Little Empty Houses

Birdhouses and mailboxes and bedframes and double doors. Heavy wooden portal stoppers leaned up against racks of plywood. Medium density fiberboard with a watch-face sized hole drilled in front, a short cylindrical nose pegged under that gaping cycloptic opening. Sixteen slats glued together, screwed to two belts of black metal bent in gentle bows. Hypothetically, everything in a workshop is hypothetical. Growing dust. Doors off hinges. Overflown housing. Mailboxes with no fixed address. Potential piles up. Scullery doors in the corner. Solid oak end tables crushing castor wheels.

Space. Who builds space. Not the carpenter. Not the writer. The politician. The doctor. Not the builder. Emptiness. Pure, layered, reinforced racking potential. Who prints blank books. Fills pens instead of emptying them. Who makes the makings. Doesn’t care whether or not birds ever come. Who builds little boxes that resemble houses. Who makes doors who isn’t trapped by door frames. Leaned in aisleways, stacked in back of showrooms with cardboard sandwiched between. Custom doors stacked, piled, pre-divorced from their future portals.

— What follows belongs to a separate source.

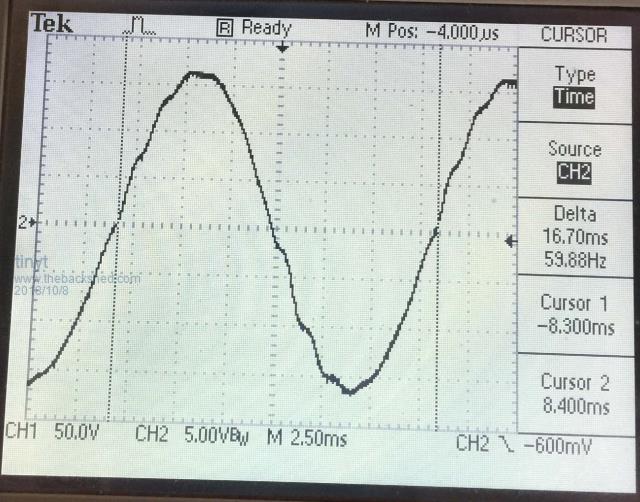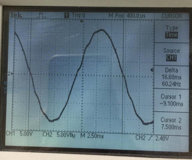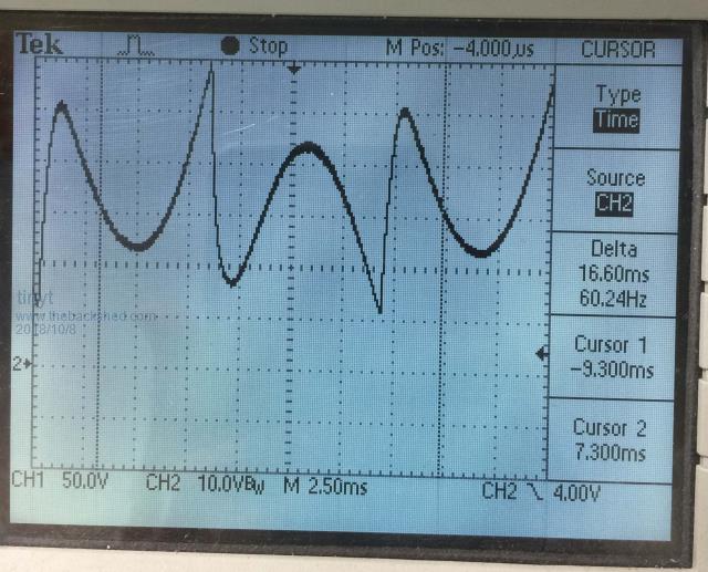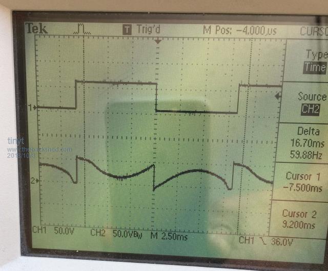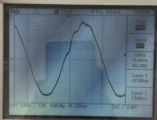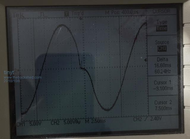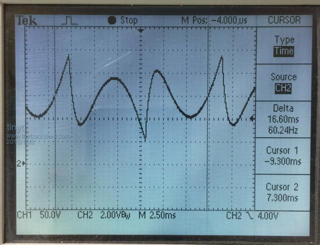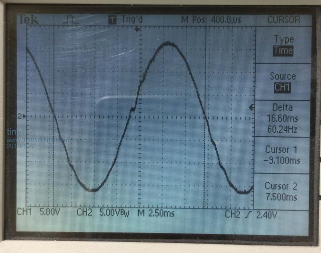 Here is the scope with top trace for the toroid primary connection driven by the 60Hz side of the bridge. The lower trace is the other end of the primary coil driven by the choke. This is with 1.2kw load.

There are so many ways to pray, but none come close to creating space. Full pens. Empty books. Empty frames. Doors with no deadbolts drilled in them. Miniature houses, no birds. The rigid rectangles that clutch the soft shapes we sleep on. We don’t know.

We don’t know where birds will nest.
We don’t know what we’re building.
We don’t need to. It’s better that way.

Let the birds decide.
Until then, build little empty boxes.